Quatro mil mortes evitáveis por dia, mais de trezentas e cinquenta mil mortes em menos de dois anos, apenas no Brasil. Do jeito que as coisas andam, é capaz que neste mês de abril, apenas em um mês! (sim, reforço, apenas em um mês, 30 dias, 4 semanas), morram aqui no Brasil mais pessoas do que as duas bombas atômicas, não uma, duas bombas!, mataram em Hiroshima e Nagasaki. Não temos imagem em preto e branco, estática, de crianças correndo nuas e desesperadas com o corpo queimado pela radiação das bombas para se horrorizar e se sensibilizar, mas temos vídeos (em HD), fotos sendo postadas a todo instante, dados e mais dados, cemitérios, hospitais, com um cenário catastrófico piorando a cada dia, a cada igreja lotada, a cada Marcha da Família Cristã pela liberdade de matar não quinhentas mil, mas um milhão de pais, mães, filhos, filhas, avós, enfermeiros, médicos e a lista, no Brasil, é quase infinita (há um cara ocupando o maior cargo do executivo que está trabalhando agressivamente para que seja infinita).

Mas as pessoas que não usam máscara, aglomeram, não se cuidam, também são culpadas. Sim, quem não se cuida é responsável também, mas entre o Zé da Conveniência e o Presidente da República, quem tem mais poder para fazer algo que seja realmente efetivo a nível nacional? Quem exerce maior influência, tem maior poder de alcance, capital?

Estou aqui escrevendo isso como sangria, é informação (infelizmente, redundante) e já ando em círculos. A minha dor e desalento já ultrapassaram os níveis que o meu corpo e a minha mente são capazes de traduzir, de assimilar. Não estou anestesiado, estou, sim, vivendo uma dor intraduzível, no meio de um país que está trabalhando (principalmente o poder executivo, não se canse de repetir) para que nessa Terra de Mortos surja, ainda este ano, uma variante do vírus capaz de inutilizar as vacinas e transformar essa pandemia em uma pandemia infinita.

Talvez a Pandemia acabe, mas para o resto do mundo.
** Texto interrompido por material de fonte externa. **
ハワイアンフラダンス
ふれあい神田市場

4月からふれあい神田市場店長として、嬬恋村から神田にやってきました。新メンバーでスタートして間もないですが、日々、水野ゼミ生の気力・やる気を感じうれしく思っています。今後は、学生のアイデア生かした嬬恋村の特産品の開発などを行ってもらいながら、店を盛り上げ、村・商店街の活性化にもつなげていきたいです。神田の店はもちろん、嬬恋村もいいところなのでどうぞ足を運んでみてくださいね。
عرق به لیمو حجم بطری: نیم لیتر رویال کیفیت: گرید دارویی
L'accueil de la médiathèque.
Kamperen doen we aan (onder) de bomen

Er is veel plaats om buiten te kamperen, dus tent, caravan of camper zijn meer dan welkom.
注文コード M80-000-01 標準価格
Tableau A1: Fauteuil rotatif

Se o resto do mundo for precavido e levantar muros e isolar o Brasil bolsonarista (existe outro Brasil, mas este está, neste momento, preso nos porões, calado, sendo torturado), talvez a Pandemia acabe e a Pandemia se transforme em uma endemia exclusiva da Terra dos Mortos, do Brasil de Bolsonaro.

Esse era o mal menor, a escolha difícil de 2018. O fantasma do comunismo enfim será extinto pela gripezinha do bolsonarismo. Afinal, fantasma não assombra mortos. Já falei que hoje somos a Terra dos Mortos? E pensar que um dia já fomos o país que saiu do mapa da fome, da empregada que ia com os filhos para a Disney, a sexta potência econômica do mundo. Agora só vencemos o resto do mundo em número de mortes, desemprego, corrupção e fome…, mas antes que era ruim, né?
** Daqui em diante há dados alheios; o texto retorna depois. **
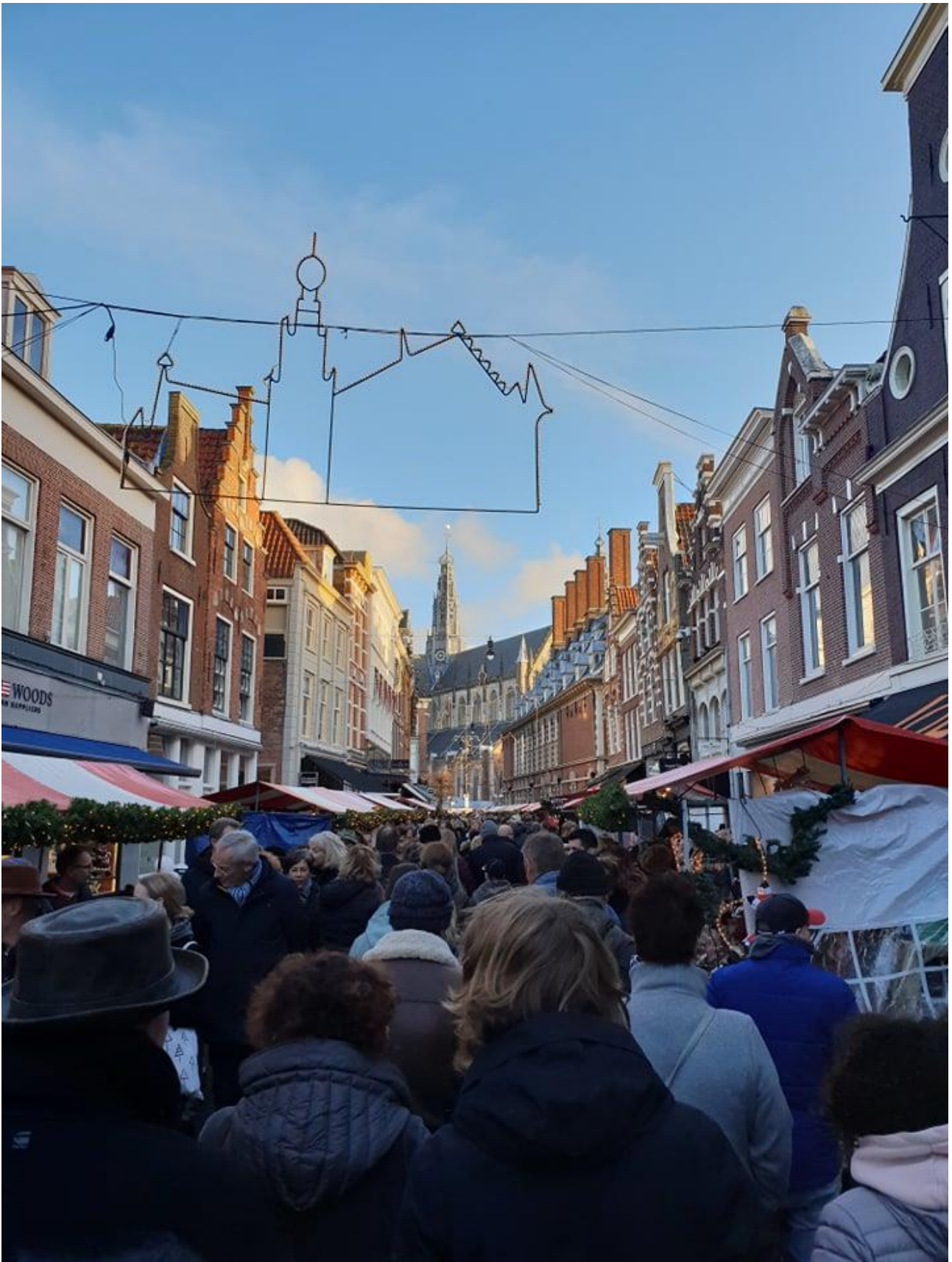
Karácsonyi vásár Haarlemben. Mindig óriási a tömeg, hiszen csak egy hétvégén van nyitva, és a város kicsit olyan ilyenkor, mint egy mézeskalács falu.

Está vendo? Estou andando em círculos, todo mundo sabe disso. Quem não sabe, sabe, finge não saber. Mas vai fingir até quando? Até um milhão de mortes evitáveis? Até o surgimento de uma variante que inutilize as vacinas?
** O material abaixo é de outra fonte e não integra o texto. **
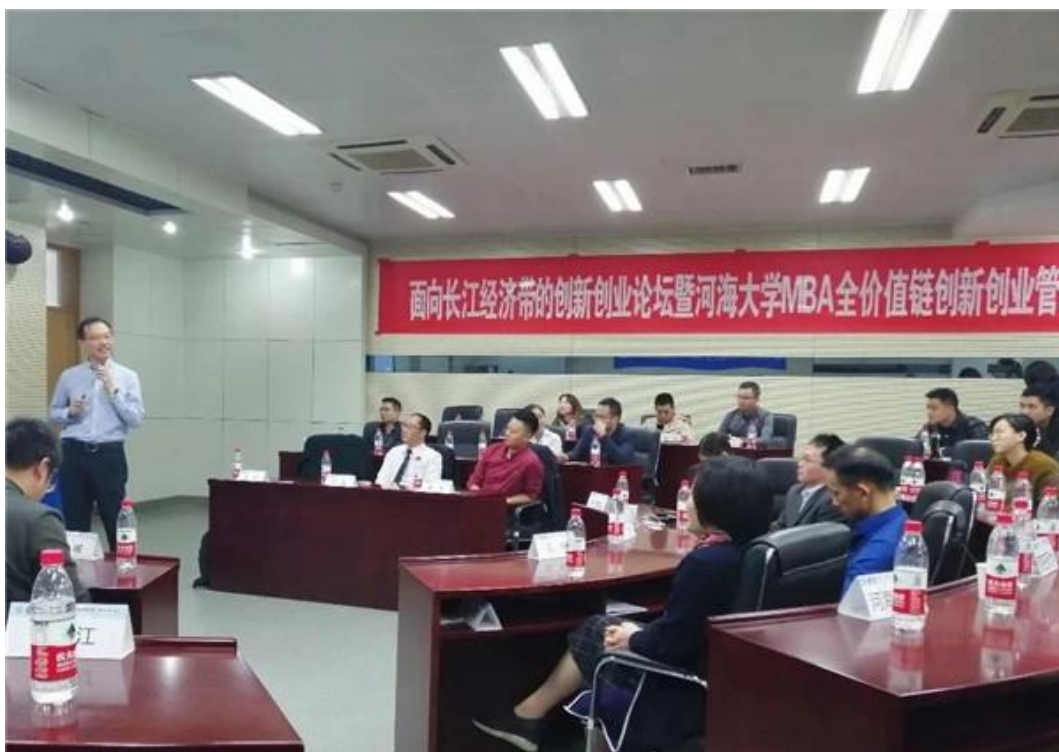
河海 MBA 全价值链创新创业管理论坛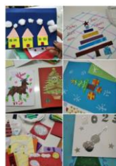
Размена честитки са вршњацима из ОШ „Љуба Нешковић“ Зајечар.

Sigo me despedaçando, é inevitável, isolado e em distanciamento social desde março de 2020, fazendo o que posso e o que está ao meu alcance. Se eu morrer, morrerei com a consciência menos suja (quem tem a consciência limpa nessa Terra dos Mortos que atire a primeira pedra). E os dias vão passando, as mortes aumentando, enquanto eu e o meu não eu, que também é um eu, um sou e não sou eu, choramos na vídeo chamada.